Let foreign students in

 The world has been shaken by the Covid-19 pandemic, and global higher education has not been spared. - NSTP file pic, for illustration purposes onlyThe world has been shaken by the Covid-19 pandemic, and global higher education has not been spared. – NSTP file pic, for illustration purposes only

LETTERS: The world has been shaken by the Covid-19 pandemic, and global higher education has not been spared.

Favourite destinations like Australia, the United Kingdom, New Zealand and the United States saw a decline in their overseas student enrolment.

We are fortunate. The infection here remains under control.

Foreign students have benefited us economically and last year, their contributions surpassed RM40 billion. The amount will be lower this year as a result of lockdowns and travel restrictions.

Since Malaysia is viewed as a comparatively safe destination, a survey has revealed that many foreign students are interested to study here.

Another country that the respondents have expressed interest in is South Korea. Still, Malaysia has an edge because our courses are conducted in English. Even South Korean students come here to learn English. So, we need the right strategy to start bringing in students again.
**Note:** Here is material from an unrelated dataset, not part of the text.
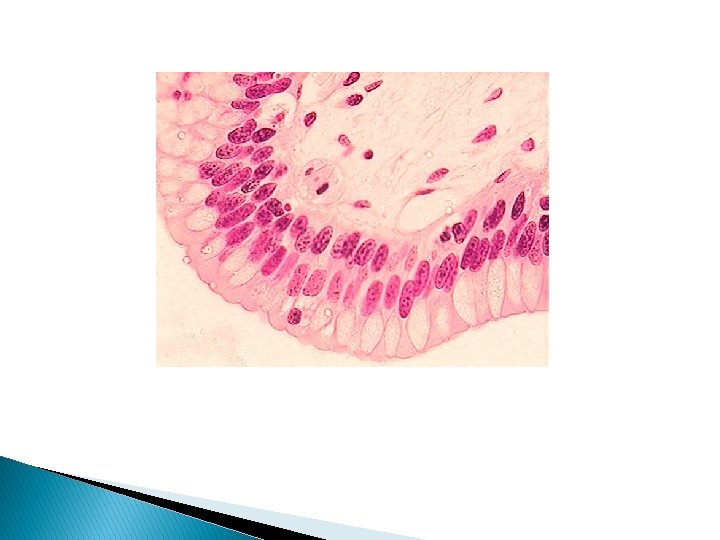 Stratified Columnar � Surface cells are columnar � Basal cells vary in size and shape. � Fairly rare in the body � Found mainly in the ducts of large glands.

I recently watched a TV discourse on the issue. There are two opposing views. 0n one side, the Higher Education Ministry has decided to extend the ban on foreign students because it is feared that their return may exacerbate the Covid-19 situation.
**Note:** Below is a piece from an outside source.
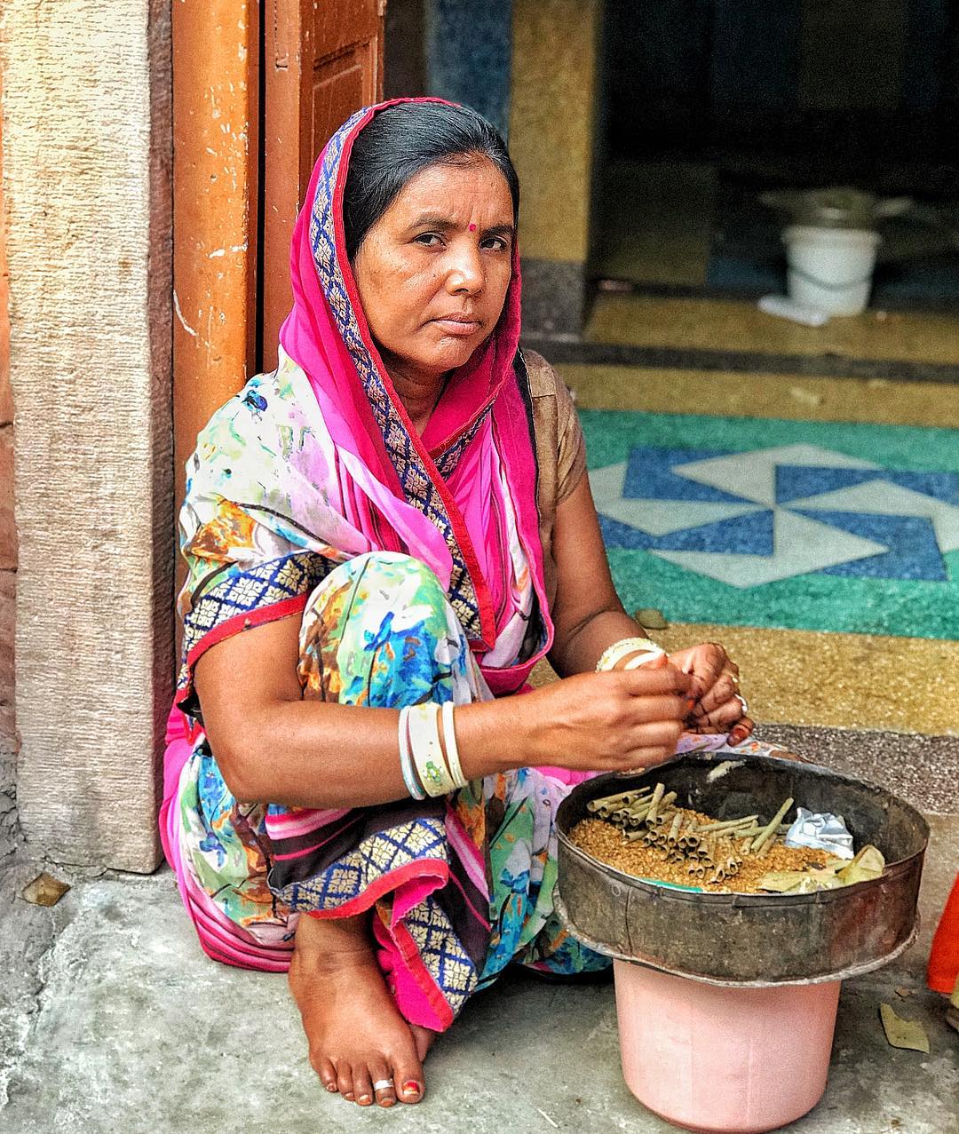 Женщина в Индии крутит и продает местные сигареты беде

That concern has basis. At the moment, many new daily cases are imported. So the argument is that if there is an influx of students entering, there is a possibility that some of them may become the source of new infections.

When asked, the Education Malaysia Global Services, the agency tasked with promoting Malaysia as an education destination for international students, agreed with the decision.
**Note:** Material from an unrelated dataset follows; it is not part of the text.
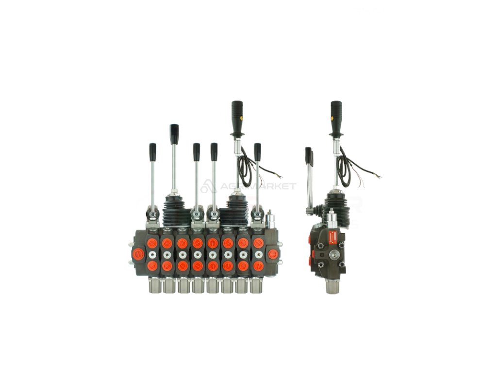 ![]() | Práce a princip činnosti: Hydraulický rozdělovač s otevřeným diagramem, pokud není ovládán žádný úsek, olej volně proudí přes rozdělovač do zpětného kanálu (T). Všechny páky a joysticky jsou namontovány na pružině a automaticky se vracejí do střední polohy. Všechny sekce jsou přizpůsobeny k ovládání obousměrných nebo jednosměrných hydraulických válců a motorů v jednom nebo dvou směrech. |

On the other hand, a spokesman of the National Professors Council said the pandemic has offered the opportunity to strengthen our long-term dream of making Malaysia an international hub of higher education.

So we should capitalise on this rare chance to increase the intake of international students. Of course, he argued we should not be blind to the fact that there is a risk of more virus infections.

The need for stringent standard operating procedures is undeniable and should not be compromised. But since we have done well, there is no reason why we cannot apply the same measures to screen incoming students.

I tend to agree with the spokesman. Our exemplary handling of the pandemic has given us an opportunity to raise the nation’s profile as a destination for higher education, which has always been our ambition.

Now that we are presented with the chance, we should take it. We are aware that that chance comes with risks.

But we also know there are measures we can take to reduce those risks. And we have had a lot of experience in applying them. The assurance of safety is not the only reason why overseas students choose to come here.

Universities in the country have also established themselves as internationally-recognised institutions.

It is also for this reason that many high-calibre universities from abroad have set up branch campuses in the country.

The Higher Education Ministry should rethink its decision in the coming semester.

There is a lot to lose not only in terms of economic returns, but also missing out on the excellent opportunity to enhance our reputation as a preferred destination for higher education.

by PROFESSOR DATUK DR AHMAD IBRAHIM.